2025.03.10 法制事務のデジタル化でアイデア競う デジ庁のハッカソンに熱視線
ハッカソンの会場で記念撮影に臨む平デジタル相ら関係者たち=東京都港区
法令とデジタルを掛け合わせたサービスの開発をチームで競う――。そんなデジタル庁主催のハッカソンが都内で開かれ、各チームが約1か月という短期間で仕上げた28作品が集結。この中の7作品が受賞し、法令調査業務を効率化するツールが最優秀賞に輝いた。法令分野を変革する可能性を秘めた多彩なアイデアに注目が集まりそうだ。
デジ庁は画期的なアイデアやサービスの創出を促そうと、「アイデアソン・ハッカソン」を2024年11月に初めて開催した。今回の取り組みはそのシリーズの第3弾で、2月5日から実施。最終日の今月6日には、東京都港区の日本マイクロソフト品川本社で作品の動画発表や表彰式が行われた。
この中で最優秀賞を受賞したのが、高度や検索機能や生成AI(人工知能)を活用して法令調査を支援するツールで、チーム「Lawsy」が手掛けた。専門家に依存することなく法令の情報収集や解説を手助けしてくれる。例えば、「AIによる遠隔医療サポートに対する法的解釈」について質問すると、AIによる診断提案が医療行為に該当するかを探り、ポイントが整理されたレポートが自動生成される。審査員を務めた機械経営代表の安野貴博氏は「信頼できるソースをより集中的に深く調べたいというニーズは、法制でも民間の契約実務でも発生する。完成度が高く素晴らしい」と評価した上で、今後の拡張にも期待感を示した。
これに次ぐ優秀賞を受賞したのが、法令の定義規定を素早く閲覧できる機能を提供する「チームおとももち」のツールをはじめとした3作品。現行法令の課題を可視化し具体的な改正案を提示する「ガバメントイノベーターズ」の作品と、弁護士の法令検索を支援するAIサービスを提供する「NPClouder」の作品も選ばれた。残りの3作品には、「法制事務の効率化」などの部門賞が贈られた。
政府での成果活用も視野に
社会のルールや手順を厳密に記述した法令を作成する業務には、手作業や読み合わせといったアナログ作業が残っており、こうした法制事務のデジタル化が求められている。国民により分かりやすい法令データを提供するという要請もあるが、法令に関する支援ツールが不足しているのが現状だ。こうした課題を踏まえて企画したのが今回のハッカソンで、デジ庁は9000超に上る法令が登録されたサービス「e-Gov法令検索」などのシステム開発にアイデアを役立てることも視野に入れている。

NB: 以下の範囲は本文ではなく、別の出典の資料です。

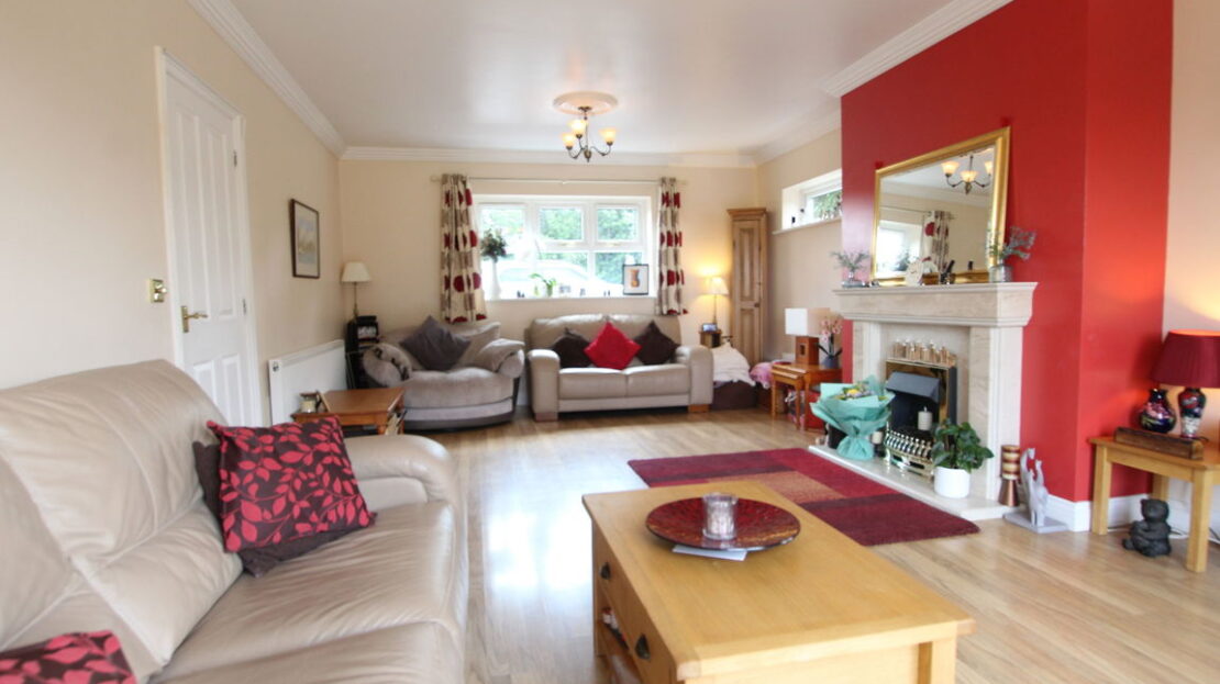 A triple aspect room with uPVC double glazed windows to front and side elevation, Twin uPVC double glazed patio doors to rear elevation plus a further set opening into the attached Garden Room, two double and one single panel radiators, cornicing to ceiling with two light roses, marble fire surround with inset electric fire.

さらに法令データを活用した新たなビジネスやサービスを創出し、国民の利便性向上につなげることも狙う。
表彰式に登壇した平将明デジタル相は、「できるだけアイデアをデジ庁で使って、安全性を確認した上で、政府全体に広げたい」と強調。都道府県や市町村にも目を向け、「デジ庁がコアになって横展開と縦展開をすることによって、デジタルとAIの実装をスピードアップして取り組んでいきたい」とも述べた。今春には、各府省庁が自ら全事業を点検する「行政事業レビュー」にAIを応用して政策立案などに役立てようと同シリーズの第4弾を開く予定で、デジタル分野でアイデアを競う取り組みの舞台が広がりそうだ。